How Poland Thwarted Sandworm’s DynoWiper Attack on Its Energy Grid

When Poland’s energy grid became the target of a destructive cyberattack at the close of 2025, the stakes were nothing short of national stability. The Sandworm group—infamous for their role in the 2015 Ukrainian blackout—set their sights on two combined heat and power plants and the digital nerve center managing renewable energy sources. Their weapon of choice, DynoWiper, was designed to wipe critical systems clean, threatening to plunge parts of the country into darkness (BleepingComputer).

What makes this incident stand out isn’t just the sophistication of the malware or the high-value targets, but the fact that the attack failed. Thanks to rapid detection, robust backups, and lessons learned from past crises, Poland’s defenders managed to stop Sandworm in their tracks. This episode offers a rare, behind-the-scenes look at how a nation’s energy sector can withstand even the most determined state-sponsored adversaries, and why continuous vigilance is more crucial than ever (BleepingComputer).

How DynoWiper Tried (and Failed) to Take Down Poland’s Energy Grid

Timeline and Scope of the Attack

The attempted disruption of Poland’s energy grid by the Sandworm group occurred over December 29–30, 2025, targeting critical infrastructure at a time of heightened geopolitical tension.
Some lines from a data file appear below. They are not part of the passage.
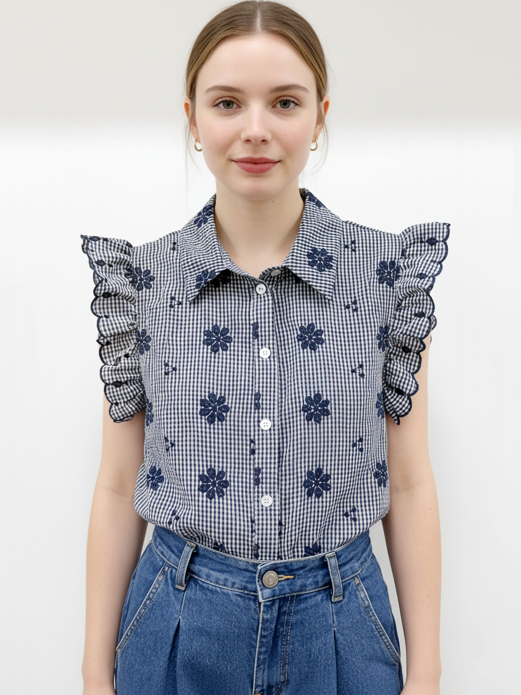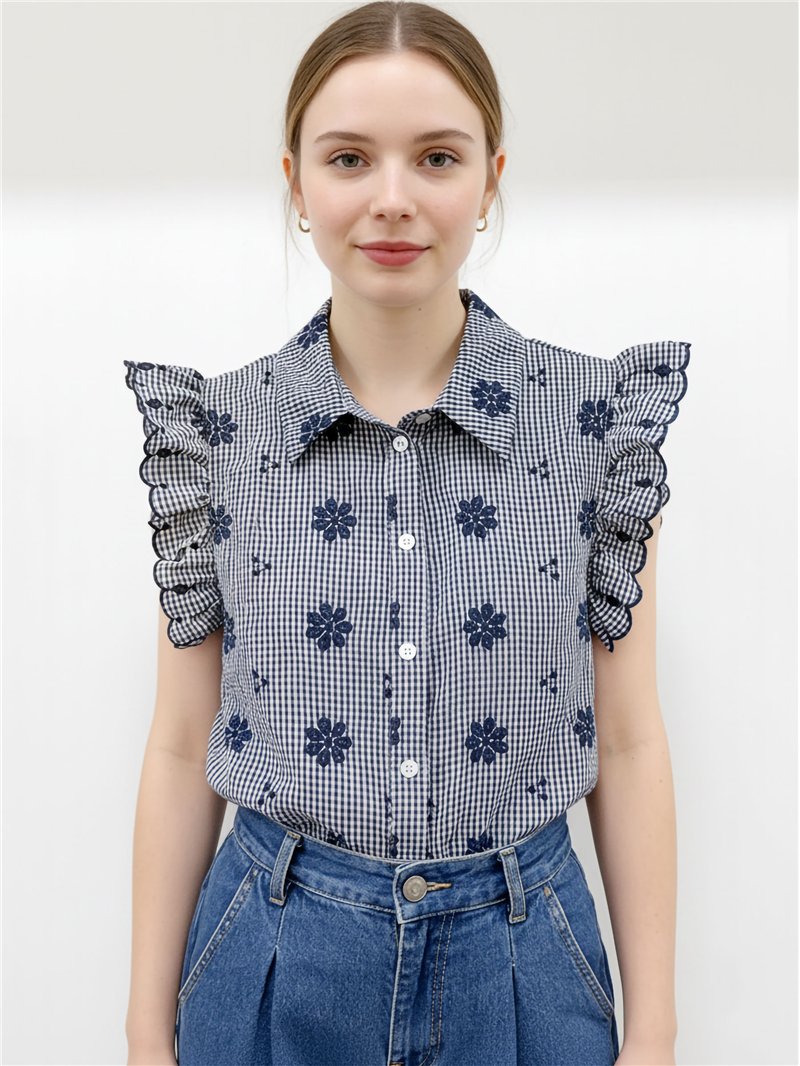 Camicia a quadretti. Dettagli floreali ricamati. Collo a revers. Giromanica a volant. Chiusura con bottoni.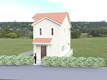 [外観] 完成予想パース 外観は美しく、間取りは収納力ある暮らしやすいプランです♪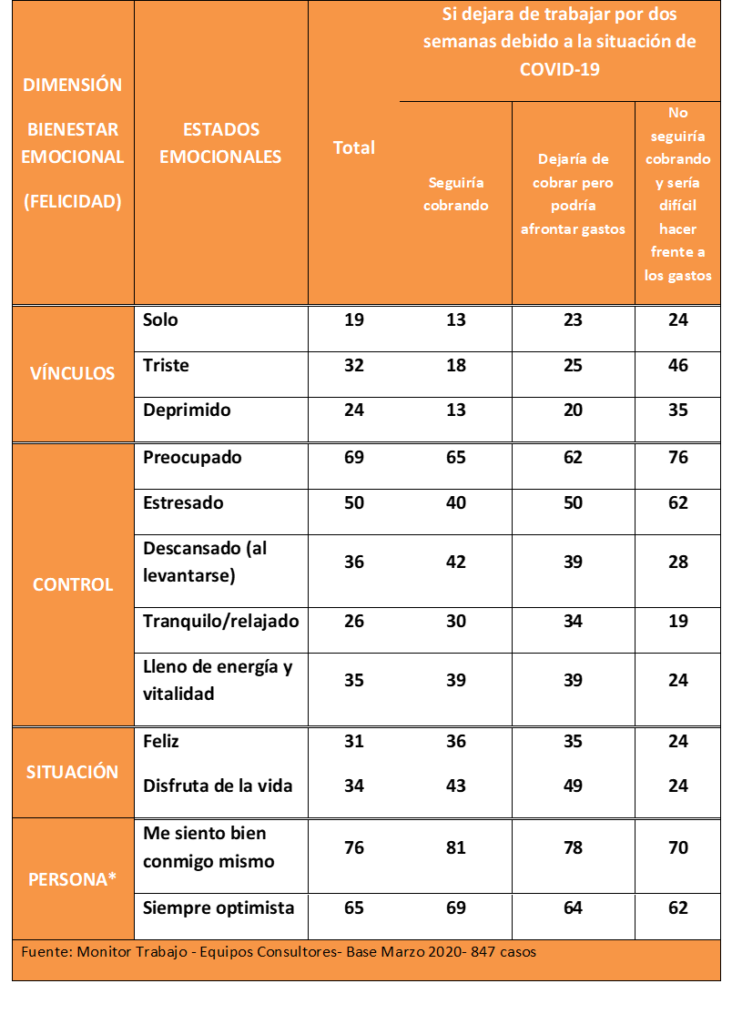 Ahora bien, la resiliencia de los seres humanos es una fuerza fundamental, y ello explica que incluso en estos casos de adversidad manifiesta, las personas no se derrumben y sigan creyendo, aunque en menor proporción, en su auto estima personal (70%) y en su optimismo (62%). No sucede así, como hemos visto antes, con las emociones de situación que, entre estos trabajadores, es decir, entre quienes creen que dejarán de percibir su salario, y quienes no podrán afrontar los gastos, solamente un 34% se sienten felices, y solamente un 24% declaran tener la sensación de disfrutar de la vida. Aquí la debacle del bienestar emocional es evidente. En comparación con la población general, estos porcentajes se reducen a un tercio, lo que da cuenta de la situación personal a la que se enfrentan estos trabajadores y sus familias.

According to Polish authorities, the attack was directed at two combined heat and power plants, as well as a management system responsible for controlling electricity generated from renewable sources, including wind turbines and photovoltaic farms (BleepingComputer). The selection of these targets indicates a strategic intent to maximize operational disruption and potentially impact both conventional and renewable energy supplies. The timing, coinciding with the end-of-year period, suggests an effort to exploit reduced staffing and heightened system vulnerability.

Polish Prime Minister Donald Tusk publicly attributed the attack to groups “directly linked to the Russian services,” underscoring the attribution to Sandworm, a hacking group associated with Russia’s GRU Military Unit 74455 (BleepingComputer). The attack’s scope extended beyond physical infrastructure, targeting the digital backbone of Poland’s energy management systems.
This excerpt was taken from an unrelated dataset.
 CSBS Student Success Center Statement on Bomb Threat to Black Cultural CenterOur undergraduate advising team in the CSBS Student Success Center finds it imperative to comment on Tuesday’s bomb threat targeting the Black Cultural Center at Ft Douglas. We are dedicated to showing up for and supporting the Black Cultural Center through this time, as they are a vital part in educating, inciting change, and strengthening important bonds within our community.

Technical Profile of DynoWiper

DynoWiper, the malware deployed in the attack, is a destructive data wiper designed to irreversibly delete files on targeted systems, rendering them inoperable. ESET, the cybersecurity firm that analyzed the incident, identified the malware as Win32/KillFiles.NMO, with a SHA-1 hash of 4EC3C90846AF6B79EE1A5188EEFA3FD21F6D4CF6 (BleepingComputer). While detailed technical documentation remains limited, the fundamental operation of DynoWiper involves iterating through the filesystem and systematically deleting files, which ultimately forces a complete rebuild or reinstallation of the affected operating system.

No samples of DynoWiper have been made publicly available on major malware analysis platforms such as VirusTotal, Triage, or Any.Run as of January 2026. This lack of public samples has hindered broader community analysis and defensive signature development. The absence of technical details also suggests a high degree of operational security on the part of Sandworm, likely aimed at preserving the malware’s effectiveness for future campaigns.

Attack Chain and Methods of Intrusion

Although the precise entry vector for DynoWiper into Poland’s energy systems has not been publicly disclosed, the attack is consistent with Sandworm’s established tactics, techniques, and procedures (TTPs). Historically, Sandworm has leveraged spear-phishing, exploitation of unpatched vulnerabilities, and supply chain compromises to gain initial access to target environments (BleepingComputer). Once inside, the group typically escalates privileges, moves laterally, and deploys custom malware payloads.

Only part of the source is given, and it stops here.